Внешне лагерь в Нидервальден выглядит иначе, чем другие трудовые лагеря в этой окрестности. Нидервальдский лагерь находится в конце немецкой деревни, в громадном блоке, служившем раньше, как надо полагать, залом для пожарников или кино, а, возможно, для той и другой цели одновременно. Остальные лагеря находятся в самом лесу, в деревянных бараках, специально построенных для этой цели, окруженных колючей проволокой с пропущенным через нее током высокого напряжения. Охрана лагерей живет в каменных домах.
В громадном здании Нидервальдского лагеря от пола до потолка поставлены деревянные нары в три яруса — нижний, средний и верхний. В другом конце здания находится кухня, откуда через маленькое окошко раздают лагерникам суп и хлеб. Кухня отделена от помещения лагерников лестничной клеткой, ведущей в помещения немецкого персонала. Здание и прилегающая площадь ограждены забором из колючей проволоки со сторожевыми вышками. Только сторона, обращенная к деревне, скрыта от взоров людей высокой каменной стеной с бойницами.

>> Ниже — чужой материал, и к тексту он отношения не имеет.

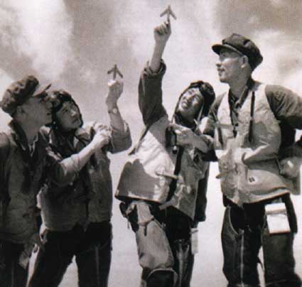 “01,敵F-4兩架侵入我國領空,已被我高炮部隊擊落一架,另一架正在你右前方二十五公里,繼續(xù)向我境內(nèi)飛行。航向一百六十度、高度二千米、速度一千公里,準備戰(zhàn)斗!钡孛嬷笓]員向飛行員發(fā)出了命令。宋義民立即指揮戰(zhàn)友調(diào)整空中戰(zhàn)斗隊形,組織搜索警戒。情況顯示板上、熒光屏上敵機的航跡在不斷地向我境內(nèi)延伸。突然,二號機趙廣江大聲報告“右前方發(fā)現(xiàn)一架敵機。”指揮員拿起話筒:“跟上去,狠狠打!”隨即一號機、三號機、四號機都發(fā)現(xiàn)了目標,在長機宋義民的指揮下,三架飛機加大油門一齊向敵機撲去。
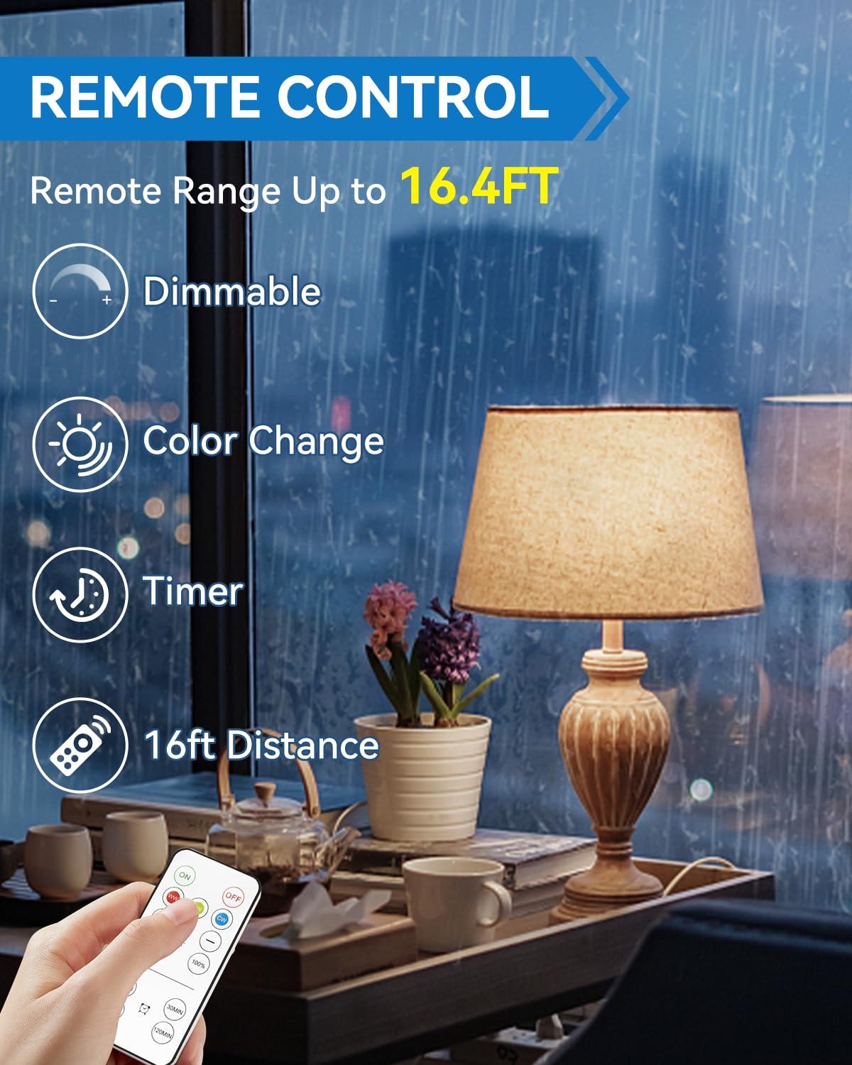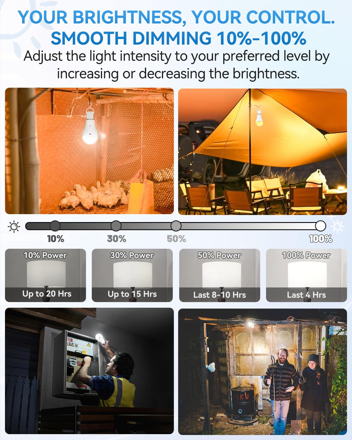FREQUAENTLY ASKED QUESTIONS & ANSWERSQ: How the Battery Operated Light Bulb Charges? A: This battery light bulb can charg by lamp socket and usb-c cableQ: Can I replace the battery myself if it gets damaged after long-term use?A: The battery cannot be replaced by the user.Q: How can I use the timer function? A: To use the timer function,press the timer button first, and then adjust the color temperature and brightness using the corresponding remote control buttons as needed.Q: Can I use it on wire-free lamp fixtures? A: Yes, this battery bulb has a built-in 1200 mA rechargeable battery and can be used on E26/E27 lamps without hard-wires. It can only be operated by touch function and remote control. Can also be used on light fixtures with hard wires,only rechargeable via USB.Q: Can I purchase a replacement remote control if it gets lost?A:Replacement remote controls cannot be purchased independently. Please contact customer service to purchase the corresponding model of remote control.Product SpecificationsVoltage: 85-265V 50/60HzSize: A19 Color temperature: 3000K/4000K/6000K &6 RGB ColorDimmable: 10%-100%Time Set: 60/120 MinutesPower: 15WLumen: 700LM-800LMBattery capacity: 1800mahColor rendering index: > 85Charging Time: 4-5 Hours Working Time: Enjoy up to 2 hours of intense brightness or up to 50 hours of continuous use at the lowest setting.Control Way: Remote Control & Touch ControlPackage includes2* Battery Light Bulb1* Remote Control 1* Charging Cable 2* Hook
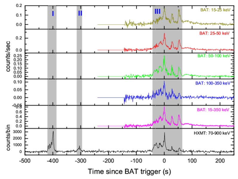 图1. GRB 240529 A在不同能带的Swift/BAT和HXMT光变曲线,时间bin为1秒。
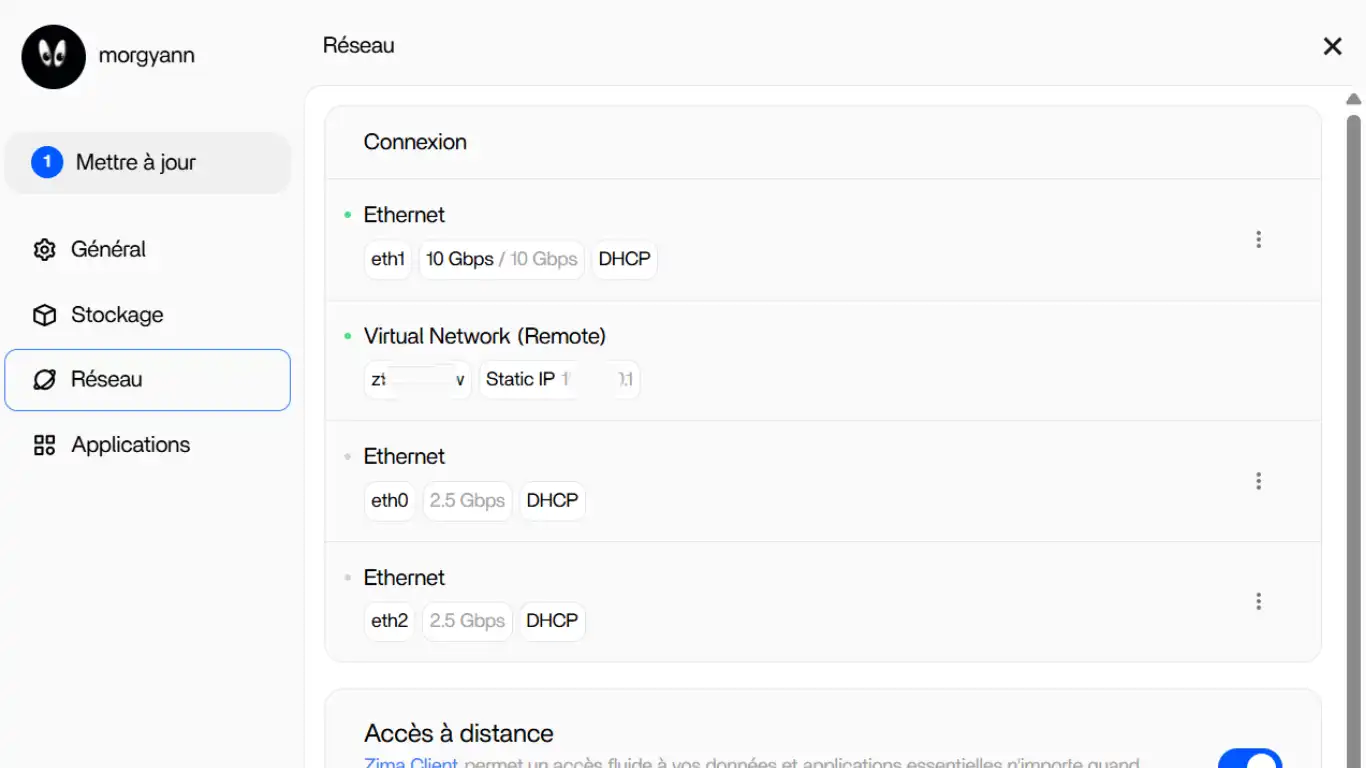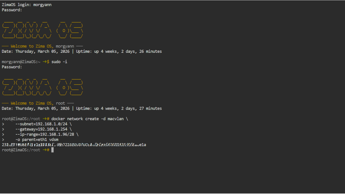 o parent=le port physique de la carte réseau connectée à la machine.Vous trouverez l'indication à l'onglet Réseau des Paramètres de votre ZimaOS (sur mon ex : eth1)
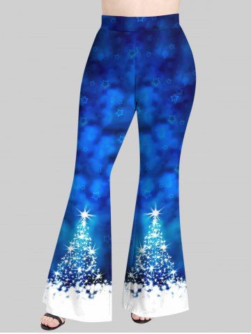 Plus Size Christmas Tree Star Colorblock Glitter 3D Print Flare Pants - Blue - M
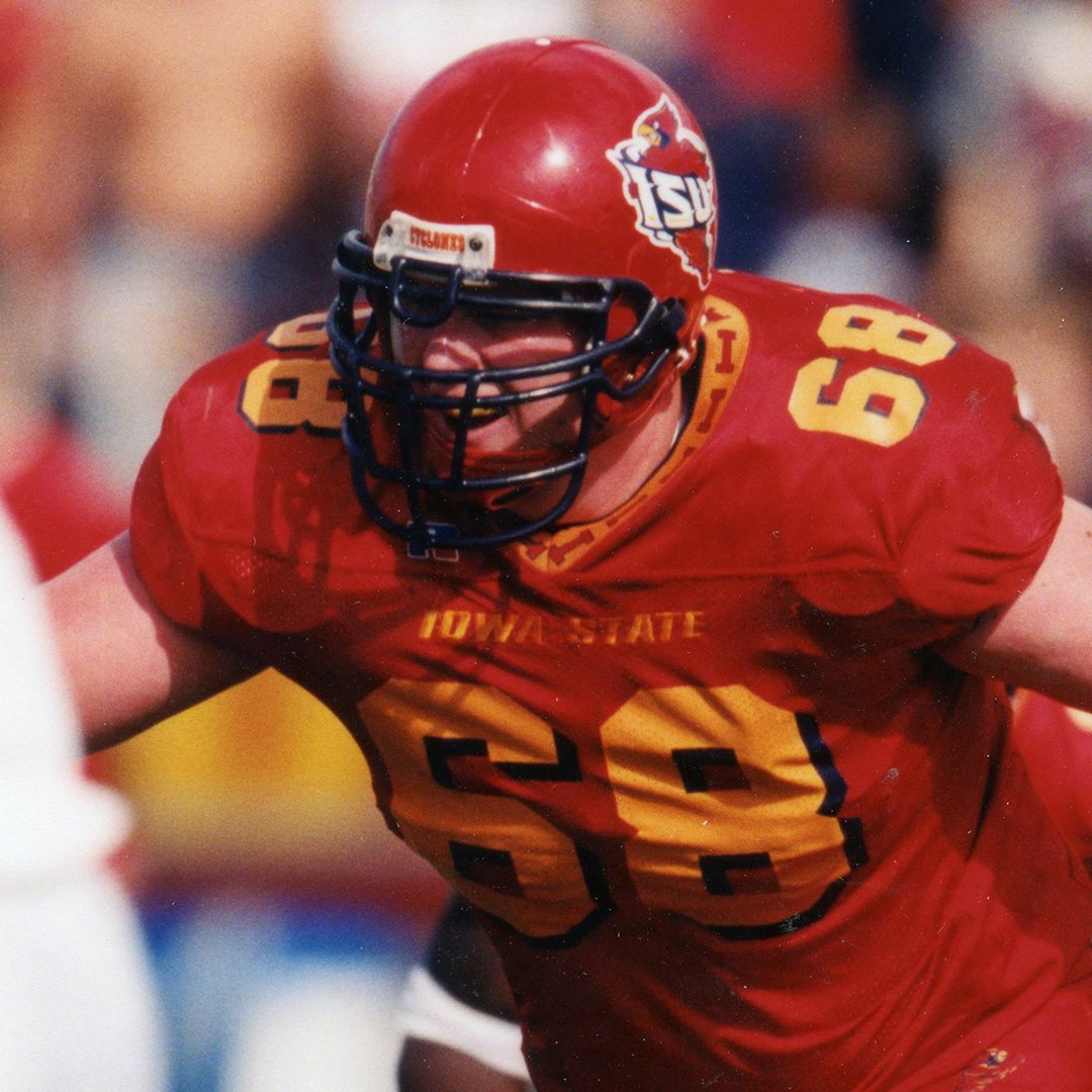 John Walters visits with former Iowa State football captain Zach Butler.
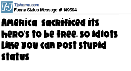 X says America sacrificed its hero's to be free, so idiots like you can post stupid status
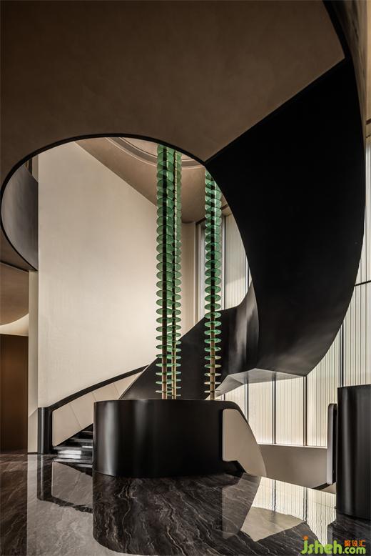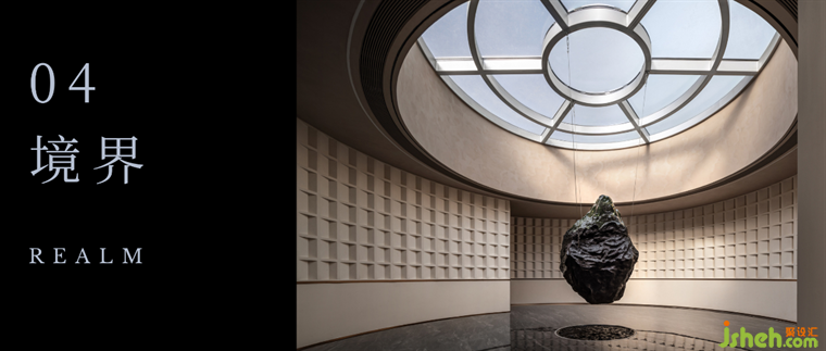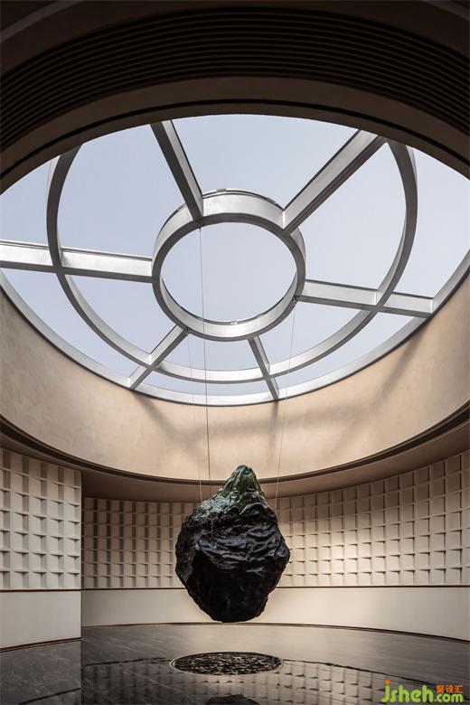 緩緩踏上二層,視光所及穹頂天窗下是萬物源石所在,“森·源”裝置以隕石為原型,鄭州會(huì)所設(shè)計(jì)四周環(huán)繞壁龕具象萬物對源處的回響。

В дневные часы, когда все находятся в «бауштеле», Гарри один прохаживается в полутемном здании среди нар-клеток. Чем он сможет помочь людям? Он хорошо знает мучения и издевательства «бауштеле», хотя работал там всего один день. Еще не выветрилось из его памяти «бауштеле» в лагере Сакрау. Он не забыл, как он умолял врача, чтобы тот перевязал ему проколотые ладони, сочащиеся гноем.